Real‑World Verdict: Which Chip Fits Your Needs?
Choosing between the Ryzen AI 9 HX 370 and the Core Ultra 9 185H ultimately depends on how you balance three core criteria: raw multicore performance, AI workload efficiency, and battery longevity.
- If you prioritize multi‑threaded productivity—such as 3D rendering, heavy video encoding, or running multiple VMs—the Ryzen AI 9 HX 370’s eight high‑performance cores give it a measurable lead.
- If your workflow leans on hybrid task management (e.g., a mix of gaming, streaming, and background services), Intel’s hybrid core arrangement can provide smoother responsiveness while keeping power draw in check.
- For on‑device AI tasks like real‑time video enhancement, AI‑powered photo editing, or edge inference for development projects, AMD’s dedicated NPU tends to deliver lower latency, whereas Intel’s AI engine shines when you already use the OpenVINO ecosystem.

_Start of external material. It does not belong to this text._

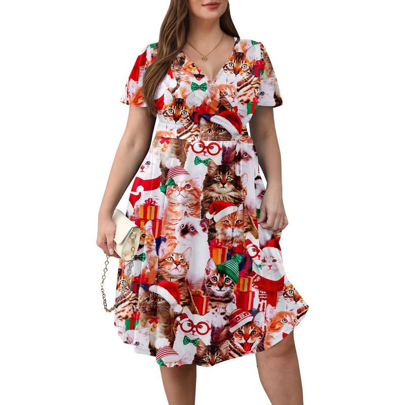 Women Plus Size Christmas Dress — Ugly Xmas Print Holiday Funny Cat Meowy 2024 Wrap V-Neck Short Sleeve Midi Dresses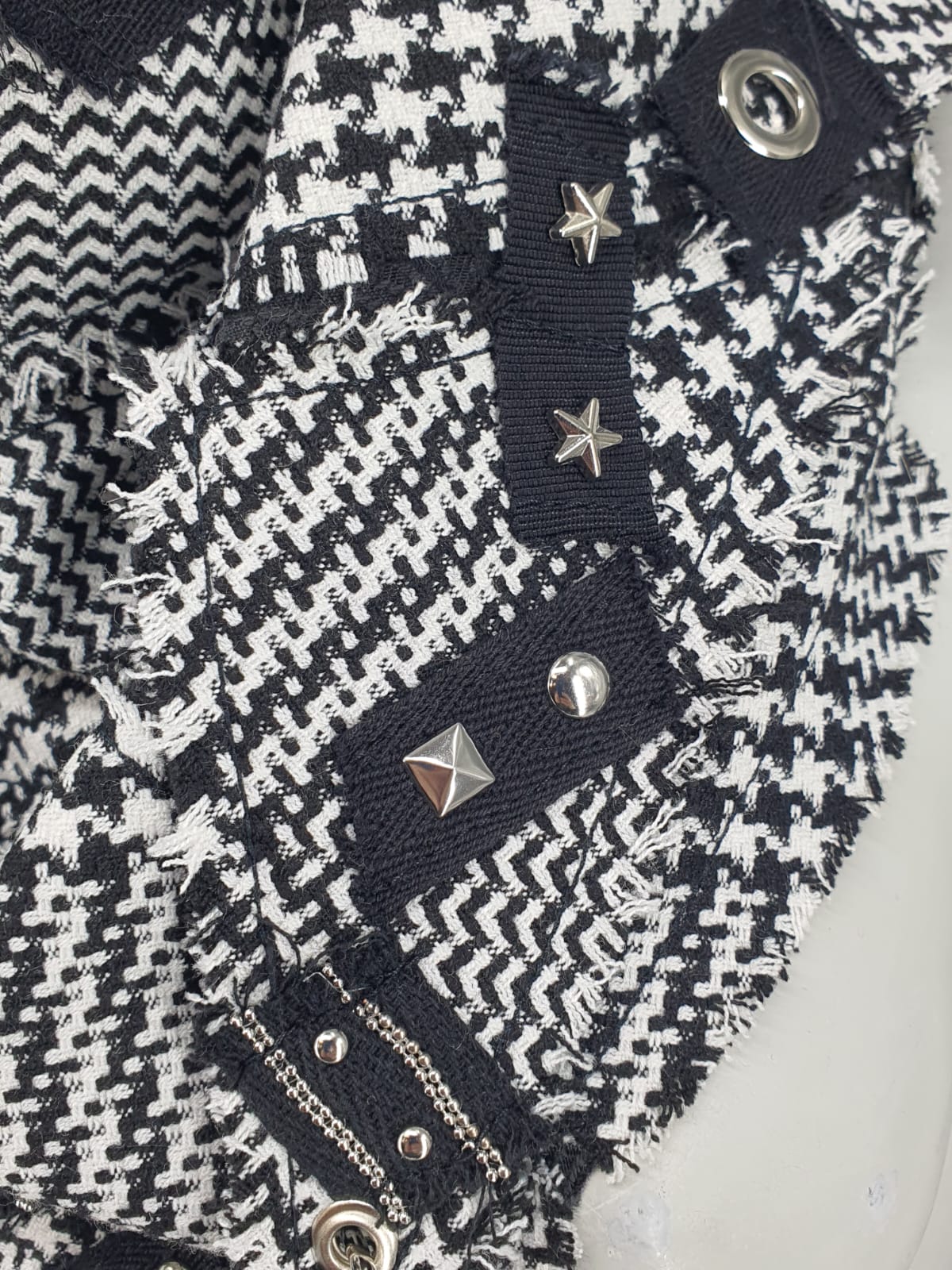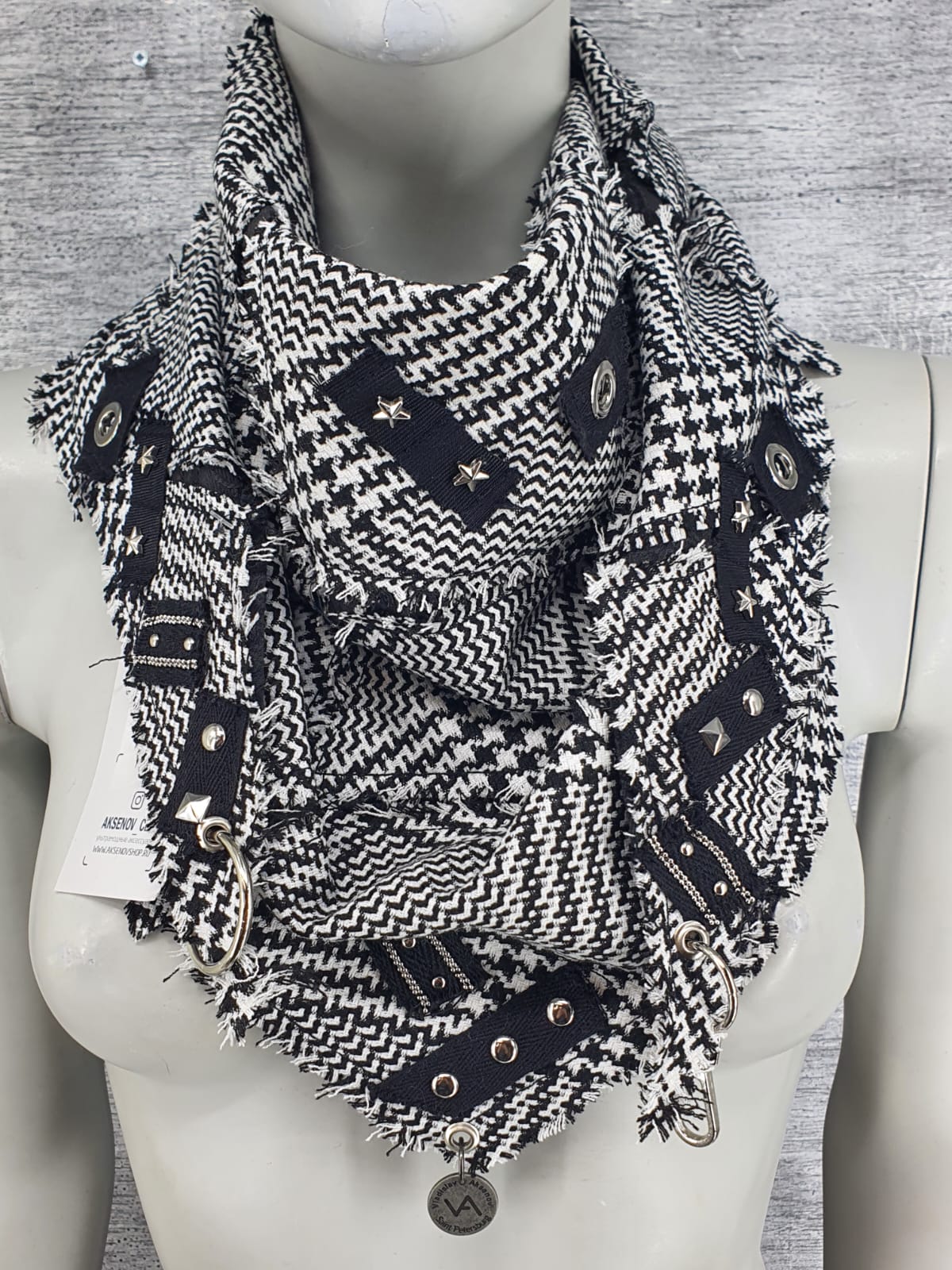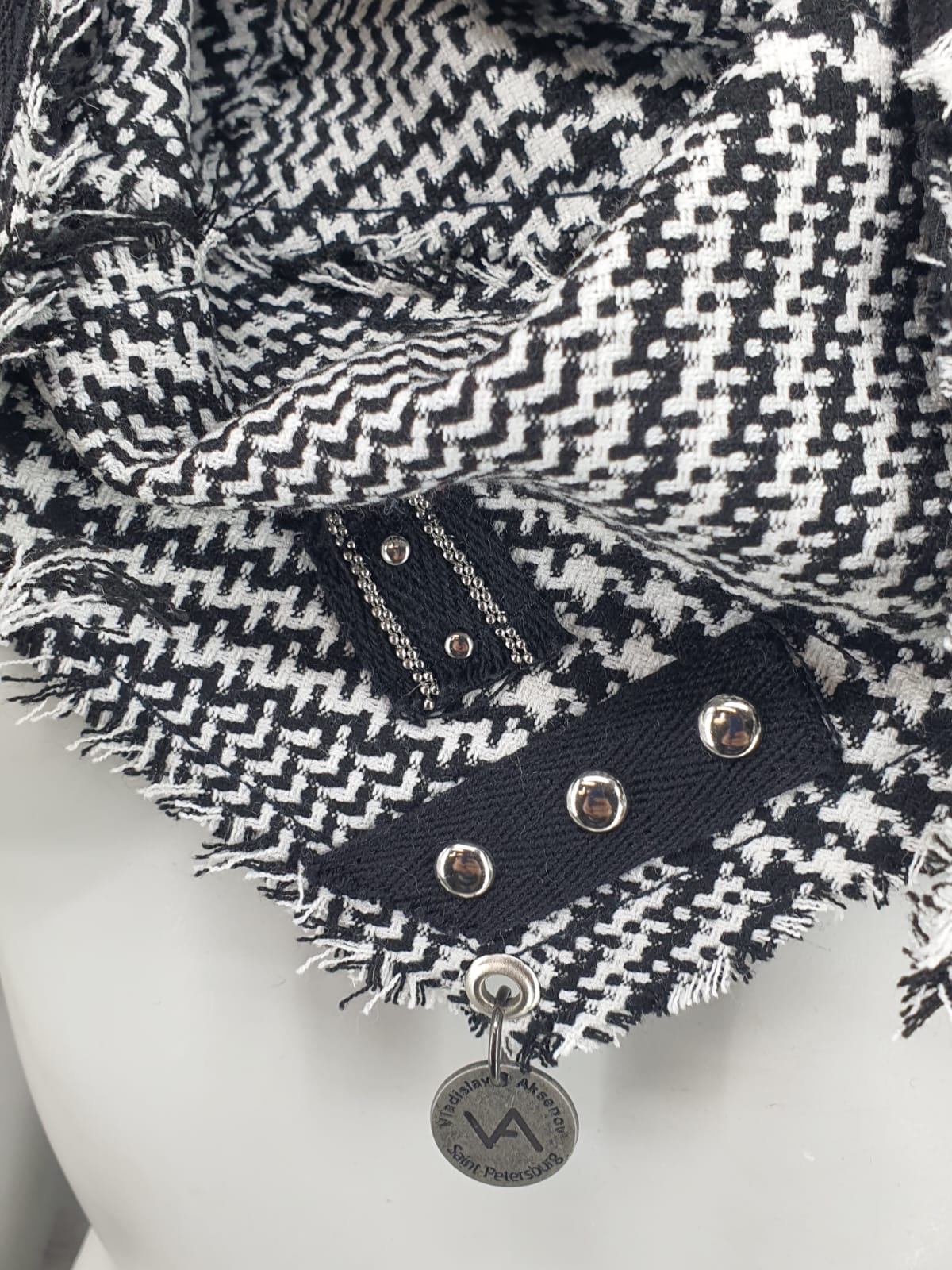 Шарф из чёрно-белой ткани на чёрной жаккардовой основе, декорирован разлтчной лентой с металлическими элементами.

- Battery life matters most for frequent travelers or students; the Ryzen AI 9 HX 370 generally offers longer unplugged sessions under light to moderate loads.
Both processors are excellent choices for a premium laptop in 2026, and most users will experience high performance regardless of the brand. The nuanced differences become most apparent in specialized workflows, so consider the software stack you already use and the type of tasks you perform most often. Whichever chip you pick, you’ll be investing in a platform that supports today’s AI‑first world while still delivering the raw horsepower needed for tomorrow’s applications.